📖 4 min read

Introduction#

In the previous article, we built a basic Retrieval Augmented Generation (RAG) system together. We saw the power of combining a Large Language Model (LLM) with private data, from processing PDF documents, vector indexing, to asking the model to answer questions based on retrieved context.

However, the gap between theory and a real-world system is vast. When facing complex data, multi-intent questions, or strict accuracy requirements, the basic RAG architecture begins to reveal significant limitations in deep context processing capabilities, inaccuracy when retrieving specific information, and frequently causing the model to be overloaded by improperly filtered noisy data.

This article will explore advanced RAG concepts and implement experiments comparing upgraded versions of a RAG system on PDF documents.

Glossary#

Term

Description

Hallucination

Phenomenon where the model generates false, fabricated, or non-existent information but with a confident tone.

Semantic Chunking

Technique of breaking text based on semantic changes instead of cutting by a fixed number of characters.

HNSW

Hierarchical Navigable Small World - Approximate vector search algorithm based on hierarchical graph structure, helping balance speed and accuracy.

Dense Retrieval

Search method based on vector embedding, focusing on semantic similarity.

Sparse Retrieval

Search method based on keywords, typified by the BM25 algorithm.

BM25

Best Matching 25 - Document ranking algorithm based on keyword frequency statistics, an upgrade of TF-IDF with saturation and length normalization mechanisms.

Hybrid Search

Strategy combining results from both Dense Retrieval and Sparse Retrieval to leverage the advantages of both.

RRF

Reciprocal Rank Fusion - Algorithm for merging search result lists based on rank instead of score.

HyDE

Hypothetical Document Embeddings - Technique using LLM to generate a hypothetical answer, then using this answer’s vector to search for actual documents.

Bi-Encoder

Model architecture encoding question and document into two separate vectors, optimized for search speed.

Cross-Encoder

Model architecture processing question and document simultaneously to score relevance, having high accuracy but slow speed, often used for Re-ranking.

MMR

Maximal Marginal Relevance - Document selection algorithm aimed at balancing relevance and information diversity.

Basic RAG Architecture#

Before exploring advanced techniques, we need to review the standard RAG architecture built in the previous article.

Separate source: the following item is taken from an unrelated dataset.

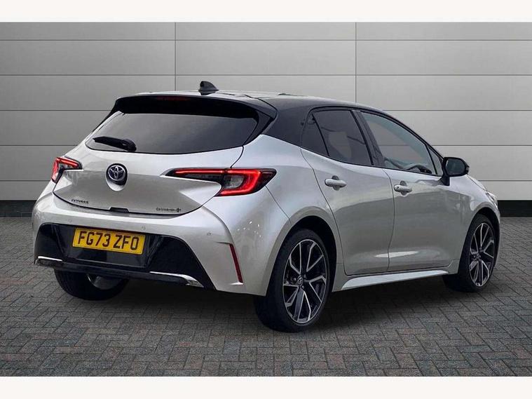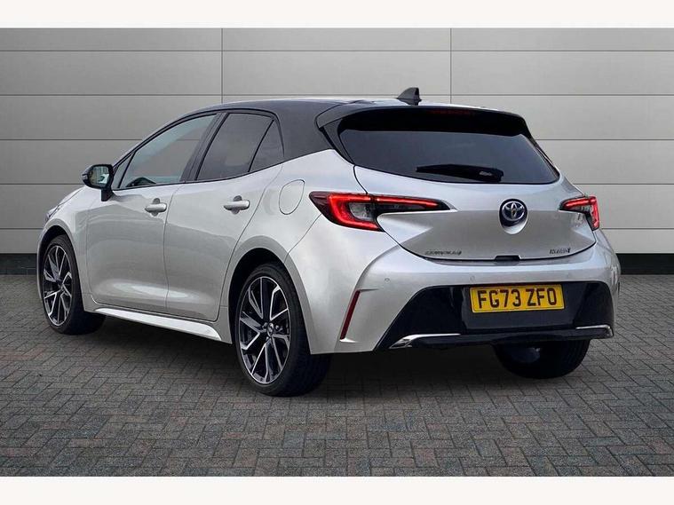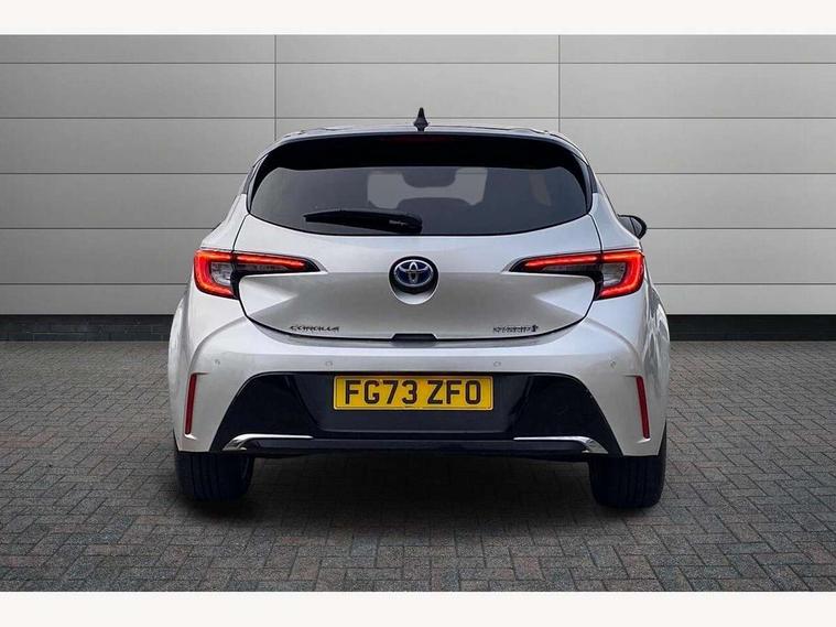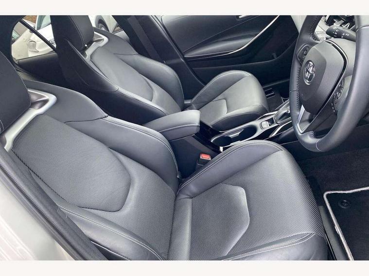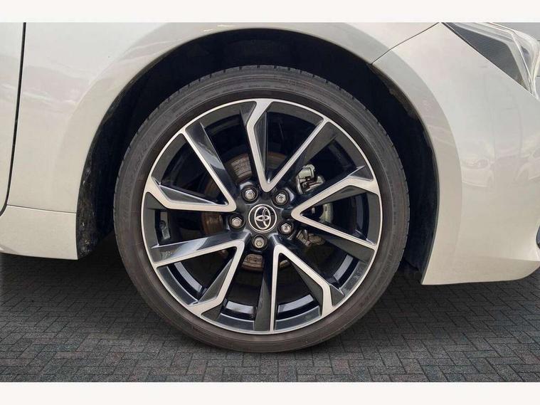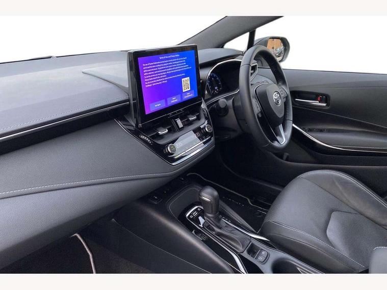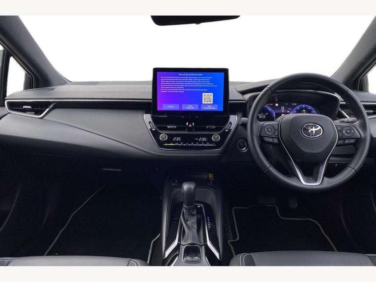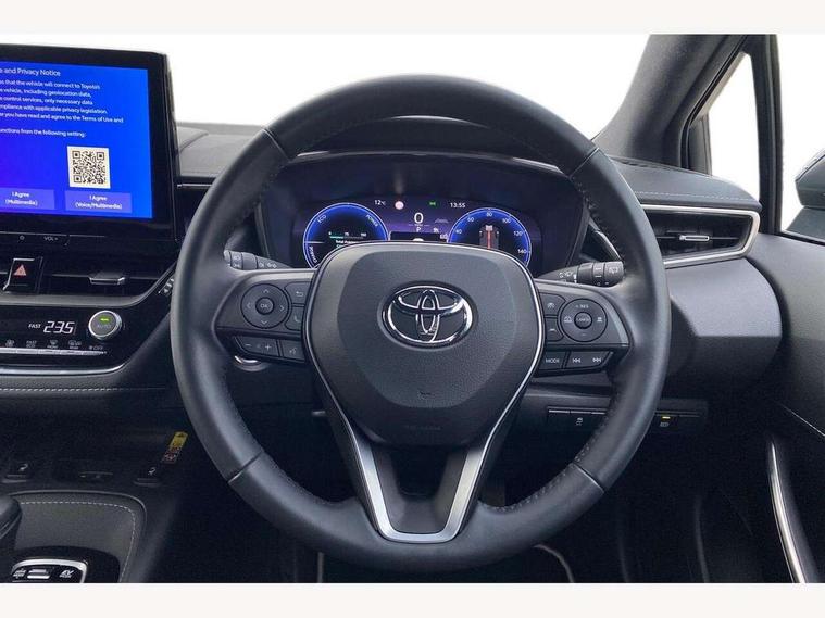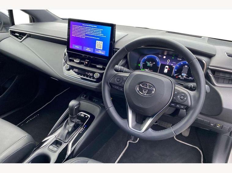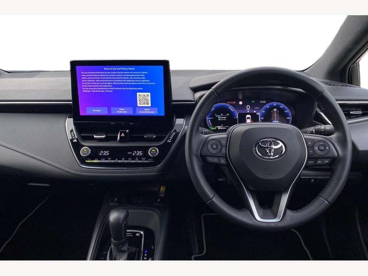 10.5" Multimedia display screen, Attention assist, Blind spot monitor and safe exit assist, Bluetooth telephone connectivity, Connected car functionality upgrade, tracker, remote status and e-care, Drive mode select (Eco, Normal), E-call, Electrically assisted power steering, EV drive indicator, Front and rear parking sensors with auto brake, Full Digital 12.3" TFT Digital Combimeter, Head up Display, Key reminder warning, Lane Departure Alert (LDA) switch on steering wheel, Memory on adjustable speed limiter, MyT connected services, Proactive driving assist (PDA), Rear cross traffic alert, Reversing camera, Smart entry and push button start, Smartphone integration with Apple CarPlay and wired android auto, Tailgate, Toyota remote services, Toyota smart connect navigation, Wireless charger, Gasoline particulate filter, Vehicle Stability Control (VSC), 6 speakers, AM/FM radio, DAB Digital radio, Front USB-C in centre console, Front USB-C in dashboard, Rear USB-C device charger, Smart voice assist/ Voice recognition, USB and Aux in connectors + 12V front outlet, Adaptive high beam system (AHS), Anti-jam protection on power windows, Auto headlight levelling system, Auto up and down function on all power windows, Automatic folding mirrors, Automatic headlights with high beam assist, Black centre and side air vents, Black metallic meshed front grille, Black toyota logo in front, Body coloured bumpers, Body coloured door mirrors, Body coloured front spoiler, Body coloured outside door handles, COROLLA alloy door scuff plates, Electrochromatic mirror, Follow me home headlights, LED daytime running lights, LED front fog lights, LED High mounted stop light, LED multi beam headlights, LED rear combi lights with LED lightguide, Noise reduction layer on windscreen, Piano black diffuser, Power adjustable heated door mirrors, Power front windows, Power rear windows, Privacy glass with UV filter, Rain sensing wipers, Rear bumper decoration with chrome plated inserts, Rear side wing doors, Rear under guard with chrome ornament, Rear window defogger, Rear window wiper, Reverse tilting door mirrors, Roof spoiler, Satin chrome insert on front air vents, Satin chrome insert on front door assist grips, Satin chrome inserts on rear passenger air vents, Shark fin antenna, Tailgate release with push button, Time adjustment on intermittent wiper, Turning signal integrated indicators in door mirrors, Unique grille pattern, Unique lower skirt, Unique side rocker with black insert, UV-filter on driver and passenger windows, 2 Shopping bag hooks in luggage compartment, 3 rear headrests, 3 seat bench in 2nd row, 3 spoke leather steering wheel with satin insert + gear knob, 4 tie down hooks in luggage compartment, 60/40 split folding rear seat, Adaptive cruise control (ACC) switch on steering wheel, Adjustable speed limiter switch on steering wheel, Audio, multimedia and telephone switches on steering wheel, Black armrest on centre console box, Black gear shift console, Boot light, Centre room light, Driver and front passenger personal light, Driver and passenger assist grip, Driver and passenger seatback pockets, Driver and passenger sun visor with mirror and light, Dual zone automatic air conditioning with ECO mode switch, Front and rear cup and bottle holders, Front door pockets, Front head restraints, Front passenger seat, Front sliding synthetic leather armrest, Heated seats, Illuminated entry system in room lamp, ISOFIX seat fixing (2 fixings on rear outer seats), Leather gear shift with satin chrome on gear shift console, Manual height adjustable for driver and front passenger seat, Manually tilt with sliding driver and front passenger seat, Parcel shelf, Perforated leather upholstery, Pollen filter, Power window switches with satin chrome inserts, Rear air conditioning, Rear armrest with 2 cupholders, Rear passenger coat hooks (2), Remote air conditioning, Satin chrome inside door handles, Satin chrome surround on heater control panel, Satin chrome surround on speedometer, Sliding armrest on centre console box, Slow opening glovebox with lights, Sports seats, Textile floor mats, Tilt/telescopic steering column, Voice recognition switch on steering wheel, Whiplash Injury Lessening (WIL) feature (active headrest) for seats, White ambient lighting on open tray and front cup holder, Toyota safety sense 3 pack - Corolla, 3x3 point rear seatbelts, Adjustable driver and front passenger seat belt extender to top anchor point, Anti lock braking system + Electronic brake force distribution, Brake assist function, Child locks on rear doors, Downhill Assist Control (DAC), Electronic parking brake, Emergency brake light signal (EBS), Front passenger airbag on/off switch, Front seatbelt reminder, HAC-Hill-start Assist Control, Rear seat belt reminder, Seatbelt pretensioners and force limiters, Supplemental restraint system (SRS) 7 airbags - dual driver, dual side curtain, side impact and driver knee airbags, Traction control, Tyre pressure warning system, Acoustic vehicle alert system (AVAS), Alarm with motion sensor and immobilizer, Power passenger window lock, Remote central locking + deadlocks, Satin chrome dash trim, Soft touch texture on upper dashboard, Stitching on lower dashboard, Stitching on upper dashboard, 18" Dark grey machined face 5 double spoke alloy wheels, Tyre repair kit, Unique wheel finish with red wheel cap,

Clearly understanding this workflow is a crucial prerequisite for accurately identifying the system’s bottlenecks needing optimization.

        graph LR
    subgraph "Indexing"
        D["Documents\n(PDF, Docx, Text, MD)"] --> CK[Chunking]
        CK --> EM[Embedding Model]
        EM --> VDB[(Vector Database\n+ Metadata)]
    end
    subgraph "Retrieval"
        U([User]) --> Q[Question]
        Q --> EM2[Embedding Model]
        EM2 --> QV["Query Vector (q)"]
        QV --> SS[Similarity Search]
        VDB --> SS
        SS --> TK[TopK Chunks]
    end
    subgraph "Generation"
        TK --> PT[Prompt\n= Context + Question]
        PT --> LLM[LLM]
        LLM --> ANS[Answer]
    end

Figure 1: Diagram of data flow and components in basic RAG architecture.

Retrieval-Augmented Generation (RAG) is an architectural solution aiming to overcome two inherent limitations of LLMs: hallucinations and the lack of updated, private knowledge.

Instead of relying entirely on parametric memory fixed after training, RAG equips LLMs with the ability to look up real-time information from external memories. A complete RAG pipeline operates based on the coordination of 3 main phases as shown in Figure 1:

1. Indexing#

This is the data preparation phase. The goal is to convert raw knowledge into a representation that computers can search effectively.

  • Input: Diverse raw data (PDF, Docx, Text, Markdown…).

  • Activity:

    • Load & Extract: Extract pure text from file formats.

    • Chunking: Break text into segments called chunks, with lengths suitable for the model’s context window.

    • Embedding: Use an embedding model to encode chunks into real number vectors in n-dimensional semantic space.

  • Output: Vector database storing vectors along with corresponding metadata.

2. Retrieval#

This is the real-time processing phase, triggered when the user sends a question.

  • Activity:

    1. The question is passed through the same embedding model to create a query vector (\(q\)).

    2. The system performs similarity search between vector \(q\) and all vectors in the database.

  • Output: TopK chunks with the highest similarity, expected to contain information answering the question.

3. Generation#

The final synthesis phase, where the linguistic power of the LLM is leveraged.

  • Activity: Chunks found in the Retrieval step are concatenated to form context along with the original question put into a prompt following a predefined structure.

  • Output: The LLM processes the prompt, synthesizes information from the context, and generates a natural, accurate, and factually grounded answer.